→ **The problem**: Reproduce the lines below exactly, from the one containing "This adorable Triceratops" through the one containing "На почтовой марке", both included. Leave out any pictures.

Stored items from a collection:

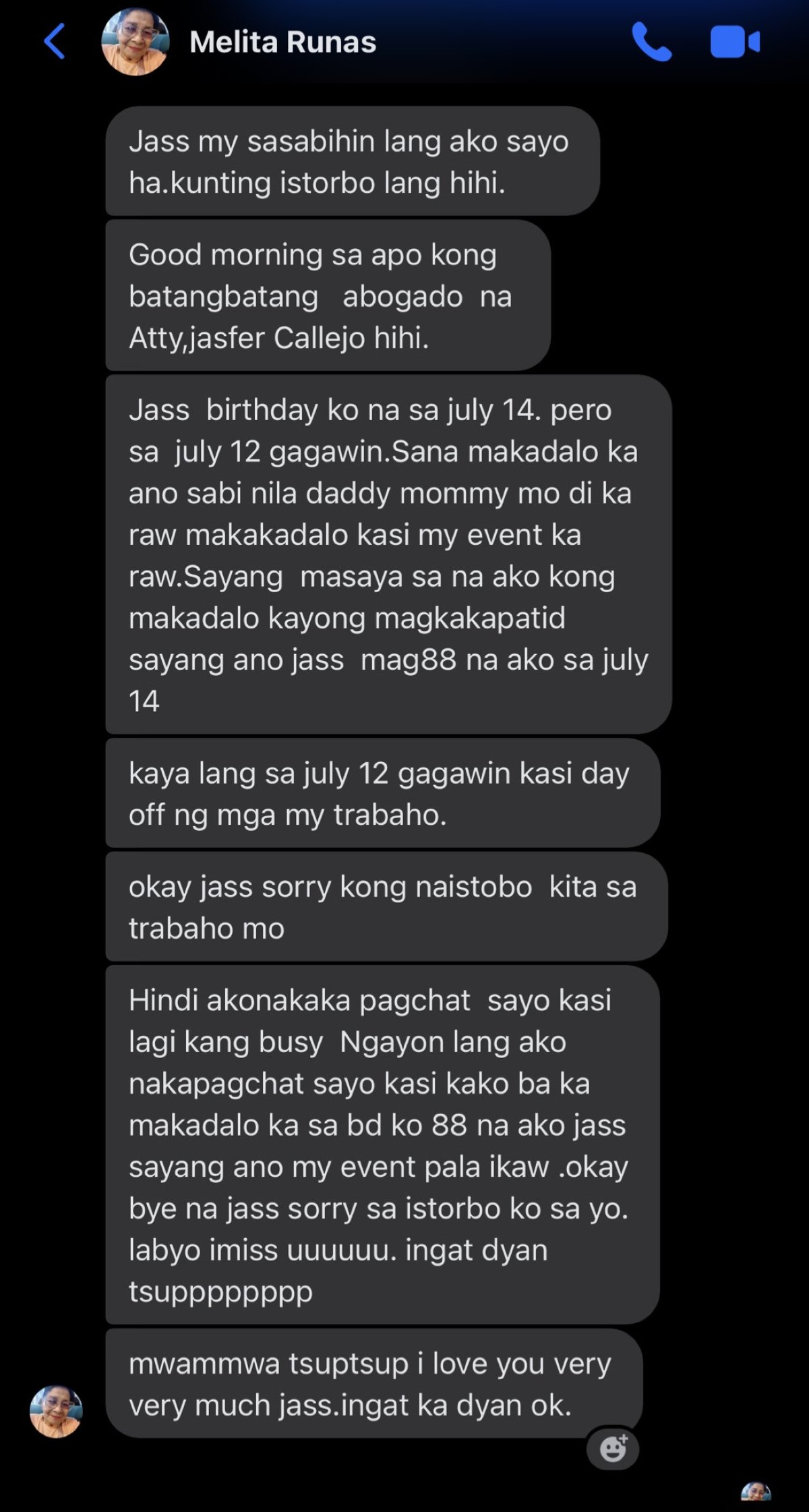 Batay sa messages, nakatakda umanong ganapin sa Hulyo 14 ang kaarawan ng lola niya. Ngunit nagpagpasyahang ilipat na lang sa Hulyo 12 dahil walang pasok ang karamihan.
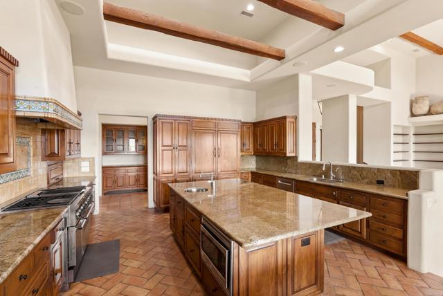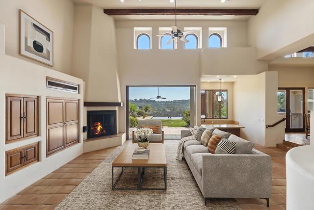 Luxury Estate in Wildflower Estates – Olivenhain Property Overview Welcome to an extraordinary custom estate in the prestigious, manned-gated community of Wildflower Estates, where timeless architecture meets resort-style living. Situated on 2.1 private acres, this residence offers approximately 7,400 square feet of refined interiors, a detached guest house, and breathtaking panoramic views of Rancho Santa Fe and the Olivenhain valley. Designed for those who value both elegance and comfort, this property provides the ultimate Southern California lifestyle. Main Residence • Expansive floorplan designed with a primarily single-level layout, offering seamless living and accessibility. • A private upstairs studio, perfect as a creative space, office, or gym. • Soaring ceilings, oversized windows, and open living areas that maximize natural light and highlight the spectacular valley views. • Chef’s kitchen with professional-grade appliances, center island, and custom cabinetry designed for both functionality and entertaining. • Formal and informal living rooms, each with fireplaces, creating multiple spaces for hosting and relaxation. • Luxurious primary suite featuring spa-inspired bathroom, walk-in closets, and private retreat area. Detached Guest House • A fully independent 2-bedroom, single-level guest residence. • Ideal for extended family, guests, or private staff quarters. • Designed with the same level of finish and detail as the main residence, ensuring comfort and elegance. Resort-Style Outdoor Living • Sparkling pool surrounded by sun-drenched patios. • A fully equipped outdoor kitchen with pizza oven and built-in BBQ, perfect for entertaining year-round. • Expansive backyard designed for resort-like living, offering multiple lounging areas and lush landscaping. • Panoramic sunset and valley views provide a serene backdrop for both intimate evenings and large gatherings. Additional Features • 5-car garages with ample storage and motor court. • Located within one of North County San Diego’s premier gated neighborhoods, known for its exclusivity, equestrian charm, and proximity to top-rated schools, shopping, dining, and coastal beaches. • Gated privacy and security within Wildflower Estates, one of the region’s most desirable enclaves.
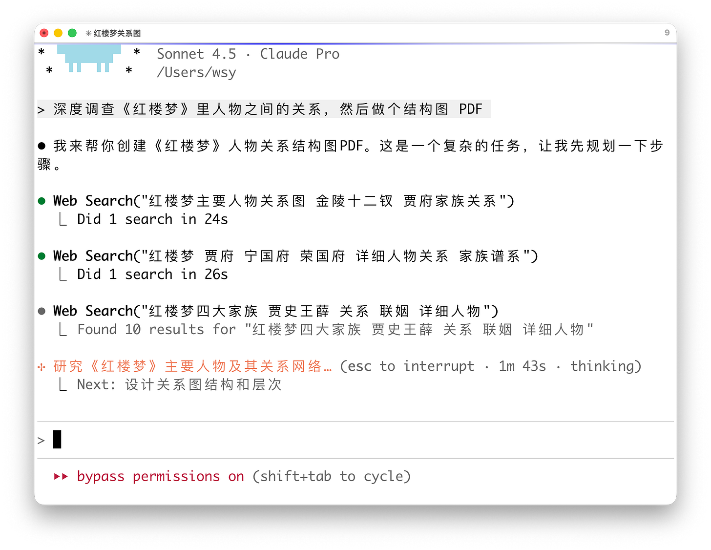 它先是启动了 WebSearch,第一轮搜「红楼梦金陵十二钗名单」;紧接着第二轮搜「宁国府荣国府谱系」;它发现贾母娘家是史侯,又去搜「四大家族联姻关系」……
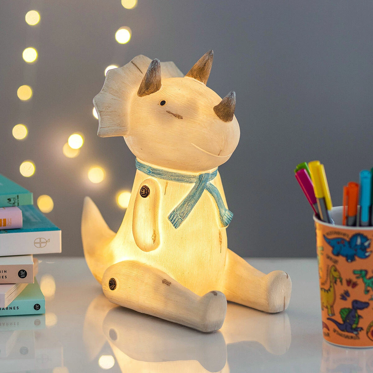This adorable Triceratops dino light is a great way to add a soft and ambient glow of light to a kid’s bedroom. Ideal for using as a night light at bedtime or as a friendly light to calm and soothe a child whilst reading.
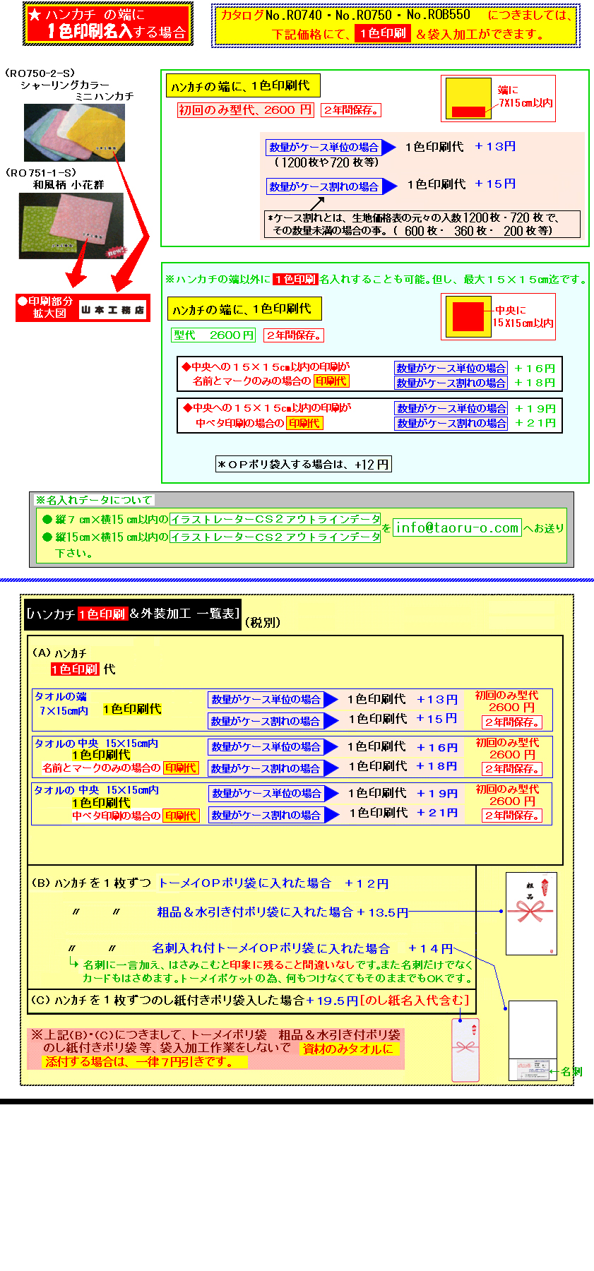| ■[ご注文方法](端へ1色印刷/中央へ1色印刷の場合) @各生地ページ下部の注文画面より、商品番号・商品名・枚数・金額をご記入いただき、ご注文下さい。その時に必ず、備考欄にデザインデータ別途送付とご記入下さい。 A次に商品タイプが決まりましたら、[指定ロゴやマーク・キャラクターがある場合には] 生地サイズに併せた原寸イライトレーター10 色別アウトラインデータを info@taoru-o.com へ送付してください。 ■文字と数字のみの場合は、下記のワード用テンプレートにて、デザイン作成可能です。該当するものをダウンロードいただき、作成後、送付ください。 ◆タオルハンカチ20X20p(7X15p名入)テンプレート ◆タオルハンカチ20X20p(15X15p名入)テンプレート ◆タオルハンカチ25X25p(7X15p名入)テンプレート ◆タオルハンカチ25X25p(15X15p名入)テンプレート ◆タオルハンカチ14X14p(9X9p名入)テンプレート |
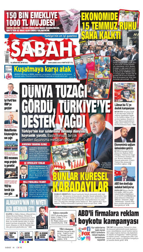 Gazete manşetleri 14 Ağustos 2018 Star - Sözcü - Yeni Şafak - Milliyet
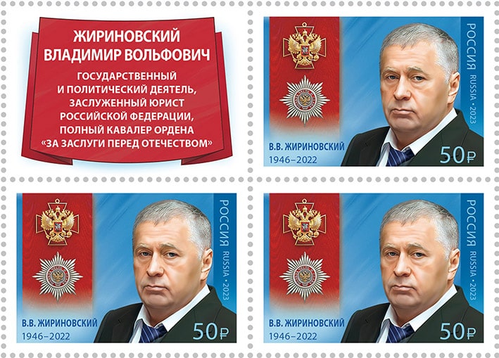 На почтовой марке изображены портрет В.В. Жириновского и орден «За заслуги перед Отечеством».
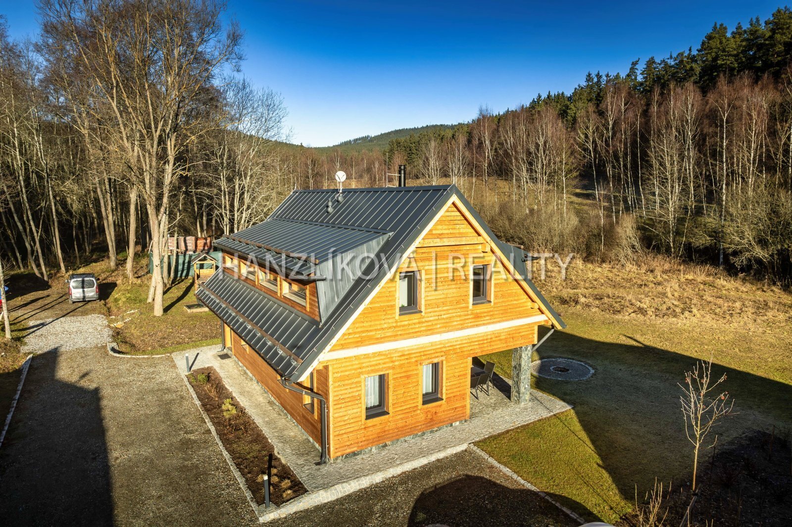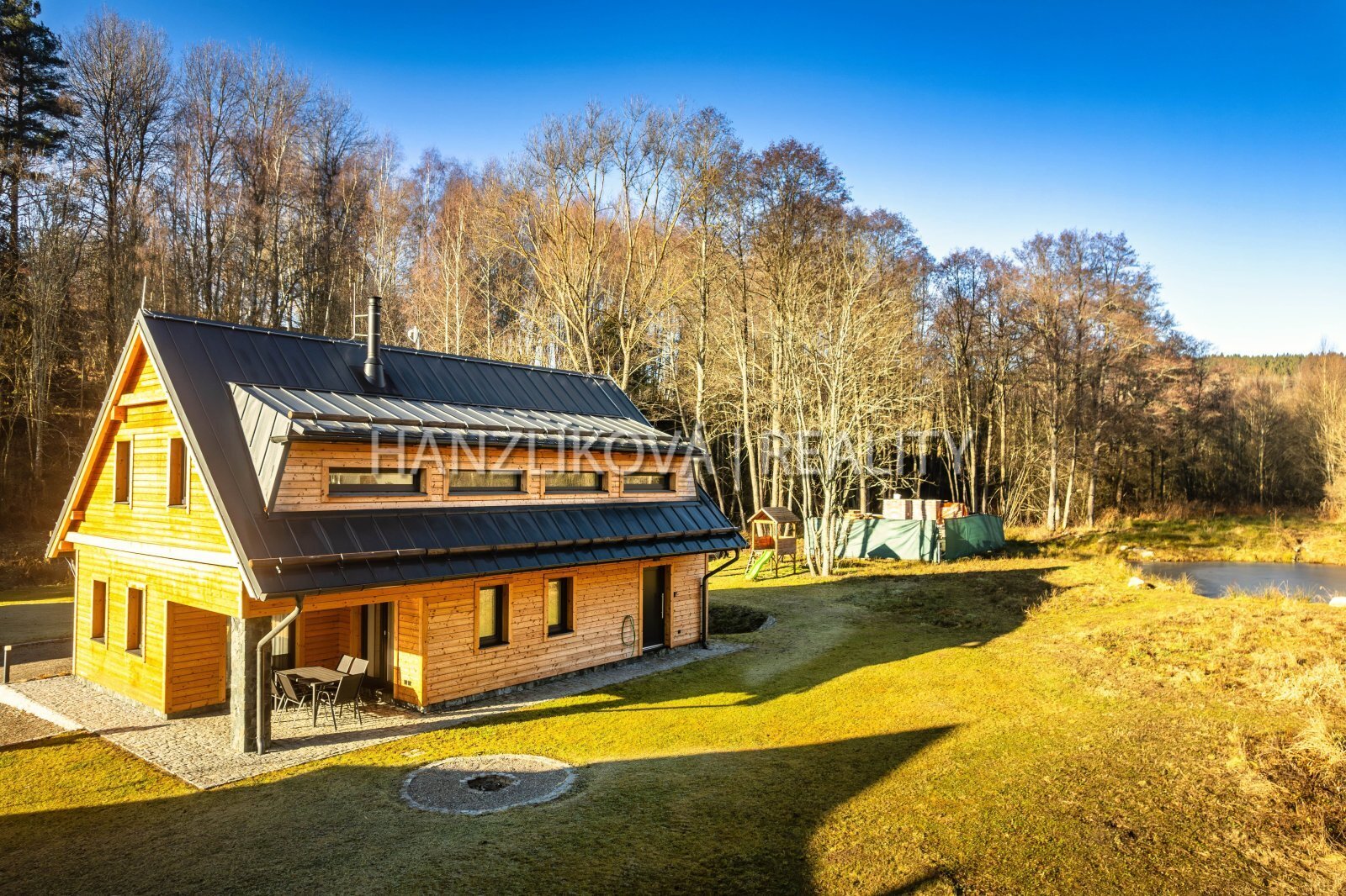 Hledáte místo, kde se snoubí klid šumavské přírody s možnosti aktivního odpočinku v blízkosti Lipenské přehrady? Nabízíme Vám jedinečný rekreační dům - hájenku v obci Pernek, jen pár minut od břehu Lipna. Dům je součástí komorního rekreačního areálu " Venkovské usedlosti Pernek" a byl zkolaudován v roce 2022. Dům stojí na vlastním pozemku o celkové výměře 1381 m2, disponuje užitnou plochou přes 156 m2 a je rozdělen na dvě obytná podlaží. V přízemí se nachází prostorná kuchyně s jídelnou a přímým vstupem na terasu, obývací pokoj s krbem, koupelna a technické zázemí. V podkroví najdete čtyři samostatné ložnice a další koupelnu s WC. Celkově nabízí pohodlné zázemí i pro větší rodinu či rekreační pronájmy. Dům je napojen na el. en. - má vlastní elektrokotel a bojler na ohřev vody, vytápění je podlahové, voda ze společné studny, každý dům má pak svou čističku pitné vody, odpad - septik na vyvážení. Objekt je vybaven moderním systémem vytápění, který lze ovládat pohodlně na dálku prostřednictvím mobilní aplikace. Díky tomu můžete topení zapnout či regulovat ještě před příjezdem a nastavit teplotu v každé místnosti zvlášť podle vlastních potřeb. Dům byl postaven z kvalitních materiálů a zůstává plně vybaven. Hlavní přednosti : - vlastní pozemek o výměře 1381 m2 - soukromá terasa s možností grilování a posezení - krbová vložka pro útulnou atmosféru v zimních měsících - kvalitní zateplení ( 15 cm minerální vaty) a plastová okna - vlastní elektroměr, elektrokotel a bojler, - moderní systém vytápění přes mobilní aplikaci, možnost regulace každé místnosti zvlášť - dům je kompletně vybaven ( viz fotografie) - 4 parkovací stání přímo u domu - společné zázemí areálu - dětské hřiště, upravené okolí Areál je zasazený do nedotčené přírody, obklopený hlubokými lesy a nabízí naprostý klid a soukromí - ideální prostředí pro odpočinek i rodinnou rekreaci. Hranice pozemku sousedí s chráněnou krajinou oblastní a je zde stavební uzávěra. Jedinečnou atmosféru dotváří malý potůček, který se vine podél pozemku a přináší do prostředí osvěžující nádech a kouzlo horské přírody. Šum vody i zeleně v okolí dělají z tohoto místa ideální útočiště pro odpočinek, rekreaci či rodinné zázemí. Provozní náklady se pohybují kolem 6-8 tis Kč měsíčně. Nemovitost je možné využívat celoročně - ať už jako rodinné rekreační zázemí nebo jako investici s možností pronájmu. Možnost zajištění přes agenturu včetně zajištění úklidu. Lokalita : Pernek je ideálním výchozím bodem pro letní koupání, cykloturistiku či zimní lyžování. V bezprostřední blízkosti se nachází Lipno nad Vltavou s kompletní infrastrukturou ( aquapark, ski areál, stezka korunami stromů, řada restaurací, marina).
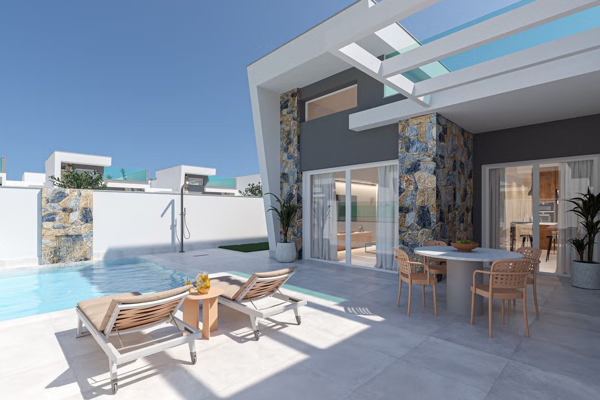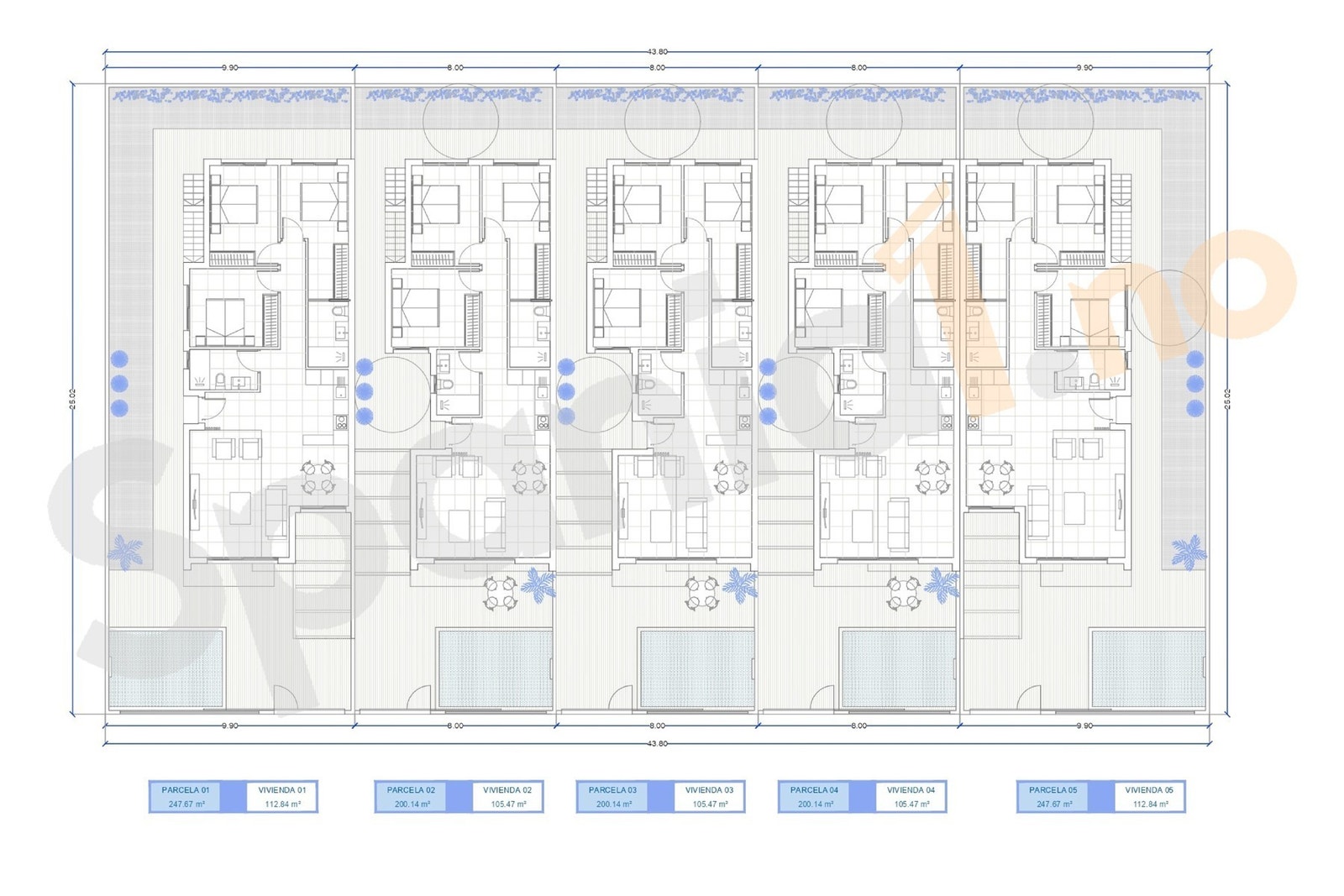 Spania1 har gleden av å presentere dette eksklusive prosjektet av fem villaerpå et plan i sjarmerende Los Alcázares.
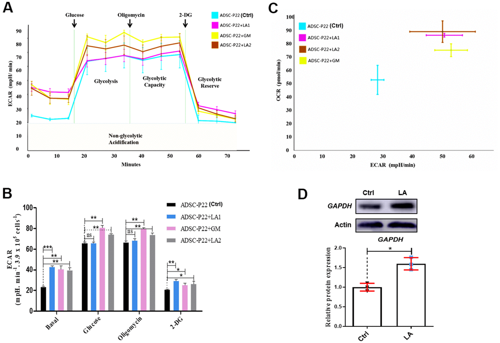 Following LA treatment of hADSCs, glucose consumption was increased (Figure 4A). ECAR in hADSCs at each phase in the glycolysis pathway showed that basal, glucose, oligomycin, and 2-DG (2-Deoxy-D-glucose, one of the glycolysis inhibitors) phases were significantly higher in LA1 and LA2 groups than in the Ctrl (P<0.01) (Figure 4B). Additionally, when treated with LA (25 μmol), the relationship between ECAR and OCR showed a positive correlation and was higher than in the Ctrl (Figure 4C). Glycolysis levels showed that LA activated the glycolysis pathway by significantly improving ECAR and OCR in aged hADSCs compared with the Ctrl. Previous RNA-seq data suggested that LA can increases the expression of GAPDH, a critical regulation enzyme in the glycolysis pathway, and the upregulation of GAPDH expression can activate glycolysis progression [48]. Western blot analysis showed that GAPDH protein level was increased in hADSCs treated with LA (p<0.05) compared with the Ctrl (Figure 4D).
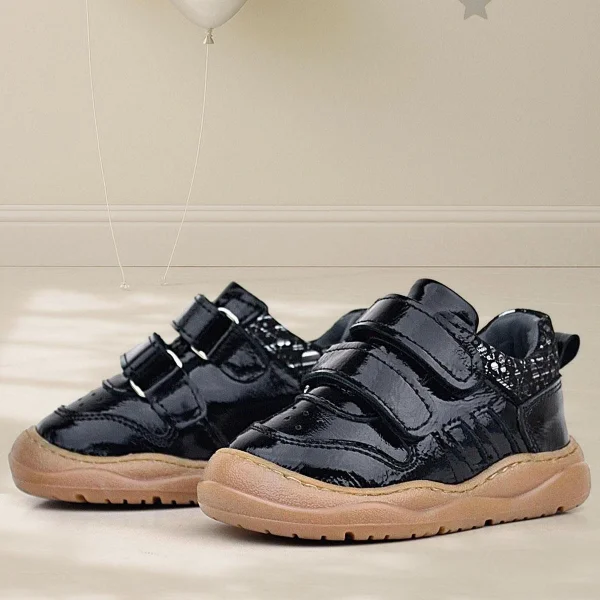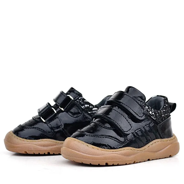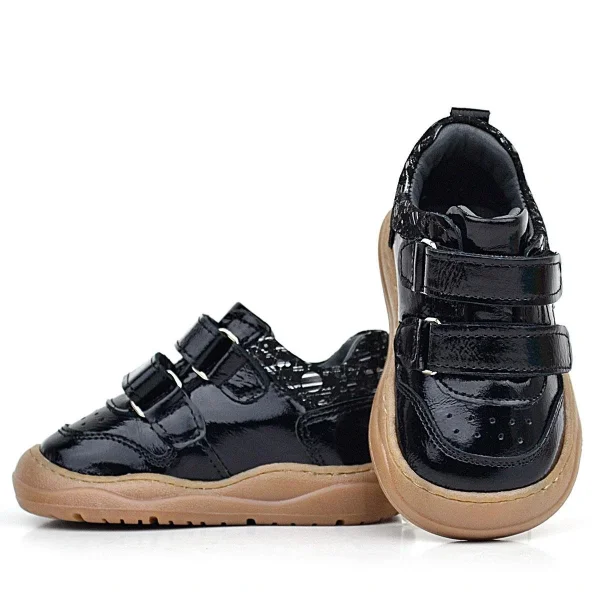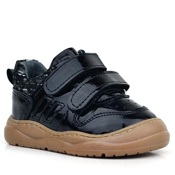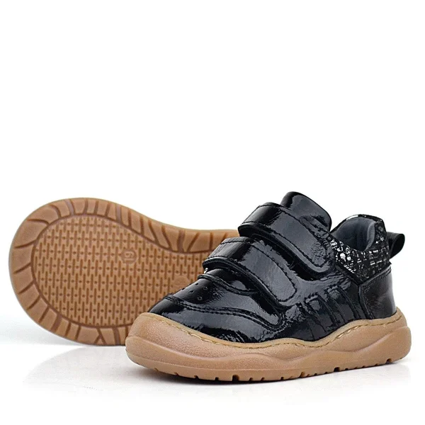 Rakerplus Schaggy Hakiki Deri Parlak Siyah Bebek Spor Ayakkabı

→ **Response**:
This adorable Triceratops dino light is a great way to add a soft and ambient glow of light to a kid’s bedroom. Ideal for using as a night light at bedtime or as a friendly light to calm and soothe a child whilst reading.
| ■[ご注文方法](端へ1色印刷/中央へ1色印刷の場合) @各生地ページ下部の注文画面より、商品番号・商品名・枚数・金額をご記入いただき、ご注文下さい。その時に必ず、備考欄にデザインデータ別途送付とご記入下さい。 A次に商品タイプが決まりましたら、[指定ロゴやマーク・キャラクターがある場合には] 生地サイズに併せた原寸イライトレーター10 色別アウトラインデータを info@taoru-o.com へ送付してください。 ■文字と数字のみの場合は、下記のワード用テンプレートにて、デザイン作成可能です。該当するものをダウンロードいただき、作成後、送付ください。 ◆タオルハンカチ20X20p(7X15p名入)テンプレート ◆タオルハンカチ20X20p(15X15p名入)テンプレート ◆タオルハンカチ25X25p(7X15p名入)テンプレート ◆タオルハンカチ25X25p(15X15p名入)テンプレート ◆タオルハンカチ14X14p(9X9p名入)テンプレート |
 Gazete manşetleri 14 Ağustos 2018 Star - Sözcü - Yeni Şafak - Milliyet
 На почтовой марке изображены портрет В.В. Жириновского и орден «За заслуги перед Отечеством».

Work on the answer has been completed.